Следует отметить, что Настя Каменская, как «русская женщина нового типа», которой «неинтересны» флирт и кокетство (именно такой термин весьма последовательно употребляет Маринина), имела в период до замужества несколько скоротечных романов. Маринина описывает страстное юношеское увлечение Насти Владимиром Соловьевым, включая повторную встречу с ним в романе «Стилист», а также «случайный» романтический эпизод при участии Димы Захарова в «Стечении обстоятельств», включая повторную попытку в романе «Я умер вчера». Небезгрешен и Алексей Чистяков, периодически увлекающийся пышногрудыми брюнетками. Тем не менее никакие временные трудности не в силах разлучить наших героев, к тому же Каменской лень, да и некогда ревновать.

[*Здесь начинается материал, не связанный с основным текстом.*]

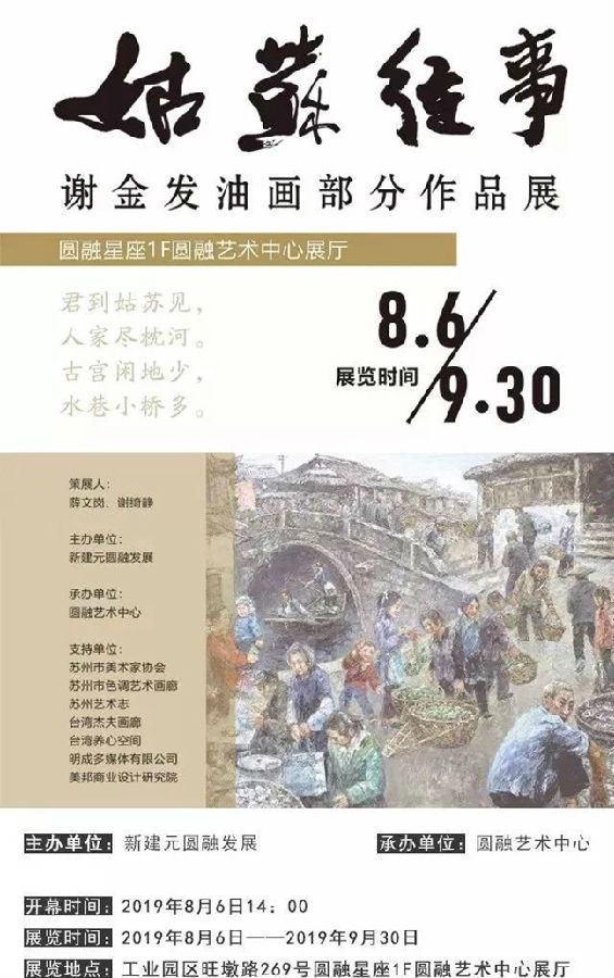 在中华人民共和国成立70周年,苏州工业园区开发建设25周年之际,8月6日由新建元圆融发展主办、圆融艺术中心承办的:“姑苏往事”谢金发油画作品展,在圆融艺术中心展厅隆重举办。谢金发老师带着他和他的作品,向苏州人民展示隽刻在时光里的印记,以此致谢苏城以及对家乡深深的情怀。

В описании отношений Ханны Вильгельмсен и Сесилии Вибе обращает на себя внимание постоянное подчеркивание их взаимной верности. Эта деталь может носить воспитательный характер как возражение расхожему представлению об изначальной нестабильности однополых браков вследствие якобы врожденной склонности представителей сексуальных меньшинств к промискуитету. Почти фанатичное соблюдение верности также сопряжено начальным нежеланием Ханны «раскрыться» перед друзьями и коллегами. В частной жизни она как бы изолируется от окружающего ее мира, уединяясь с Сесилией в их уютной квартирке.

Столь любимый Марининой мотив еды, как символ домашнего уюта, используется также и Холт. Однако создание этого уюта часто перекладывается на плечи мужчин или прислуги. Именно таковы, по сути, функции Ирочки Миловановой в семье Образцовой и Стасова. Холт, в свою очередь, с юмором описывает, как адвокат Карин Борг питается тем, что приготовит ее второй муж, инспектор полиции Хокон Санд. Также характерно, что и у Марининой, и у Холт партнер главной героини обеспечивает ей социальную структуру, в частности, отвечает за приглашение гостей, вкусные обеды и ужины и так далее. В отличие от Насти, которая пользуется помощью Чистякова не только в домашних делах, но и при поимке преступников (начиная с расшифровки фразы «девятое-пятнадцатое» в «Стечении обстоятельств»), Ханна Вильгельмсен жестко разделяет сферы жизни и практически не рассказывает Сесилии о своей работе.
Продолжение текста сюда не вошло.